Exercise prompt → Your reply must contain the full listing below, reproduced exactly, but no pictures.

Data block →
•••

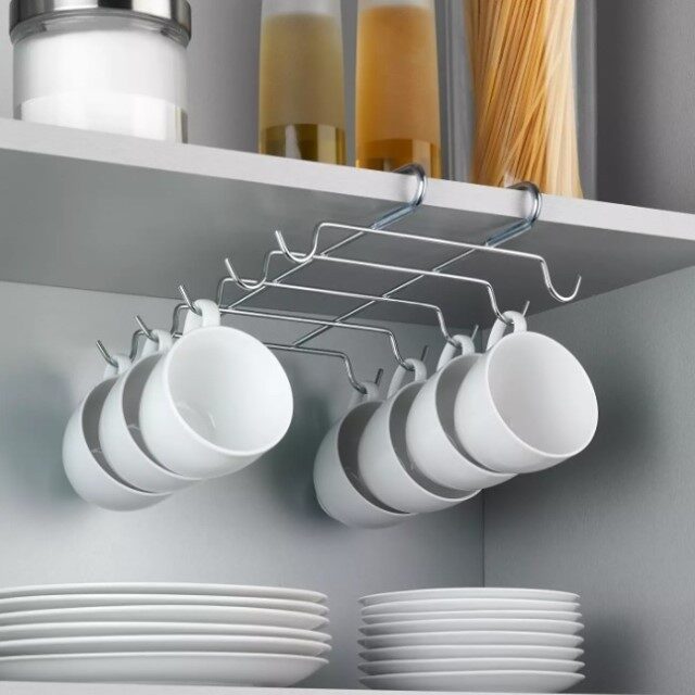 If your shelves are full, look up. A simple hanging rack under a shelf turns your mug collection into a piece of art and frees up space for plates below.
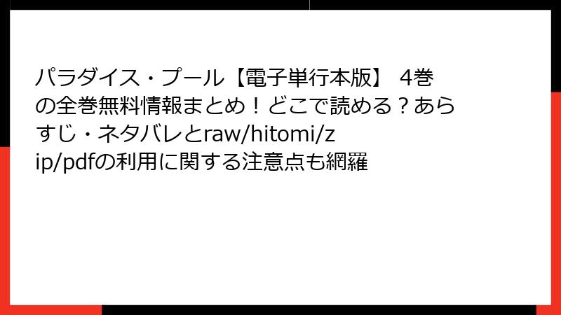総括すると、電子書籍の選択肢は豊富で、クーポンを駆使すれば1冊数百円でゲット可能。『パラダイス・プール 4巻』の大家さんとのドキドキシーンを、合法的に安全に味わいましょう。次巻への布石も満載なので、シリーズ勢揃いのサービスを選んで一気読みを!
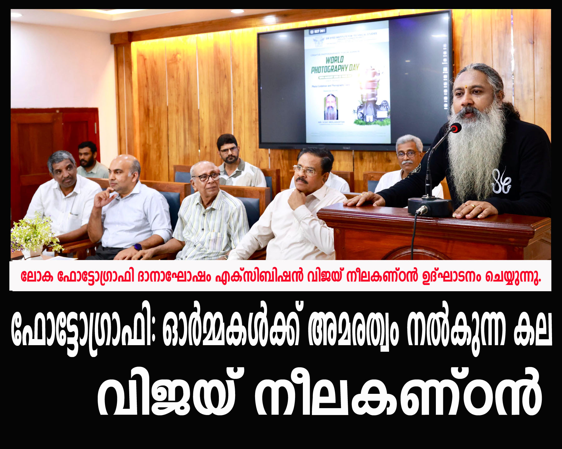 ക്രീയേറ്റീവ് ഫോട്ടോഗ്രാഫേഴ്സ് ഫോറം ലോക ഫോട്ടോഗ്രാഫി ദിനത്തോടനുബന്ധിച്ച് തളിപ്പറമ്പ് സര് സയ്യിദ് ഇന്സ്റ്റിറ്റ്യൂട്ടില് ഒരുക്കിയ ഫോട്ടോഗ്രാഫി എക്സിബിഷന് ഉദ്ഘാടനം ചെയ്ത് സംസാരിക്കുകയായിരുന്നു അദ്ദേഹം.
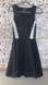French Connection "Lucy Fit" black and white A-line dress. The dress is sleeveless with a scoop neck and features white panels on the sides of the bodice. It has a fit-and-flare silhouette, with a fitted bodice and a flared skirt. The dress is made of a smooth, medium-weight fabric, and is suitable for cocktail parties or other semi-formal events.

•••

Task answer →
 If your shelves are full, look up. A simple hanging rack under a shelf turns your mug collection into a piece of art and frees up space for plates below.
総括すると、電子書籍の選択肢は豊富で、クーポンを駆使すれば1冊数百円でゲット可能。『パラダイス・プール 4巻』の大家さんとのドキドキシーンを、合法的に安全に味わいましょう。次巻への布石も満載なので、シリーズ勢揃いのサービスを選んで一気読みを!
 ക്രീയേറ്റീവ് ഫോട്ടോഗ്രാഫേഴ്സ് ഫോറം ലോക ഫോട്ടോഗ്രാഫി ദിനത്തോടനുബന്ധിച്ച് തളിപ്പറമ്പ് സര് സയ്യിദ് ഇന്സ്റ്റിറ്റ്യൂട്ടില് ഒരുക്കിയ ഫോട്ടോഗ്രാഫി എക്സിബിഷന് ഉദ്ഘാടനം ചെയ്ത് സംസാരിക്കുകയായിരുന്നു അദ്ദേഹം.
French Connection "Lucy Fit" black and white A-line dress. The dress is sleeveless with a scoop neck and features white panels on the sides of the bodice. It has a fit-and-flare silhouette, with a fitted bodice and a flared skirt. The dress is made of a smooth, medium-weight fabric, and is suitable for cocktail parties or other semi-formal events.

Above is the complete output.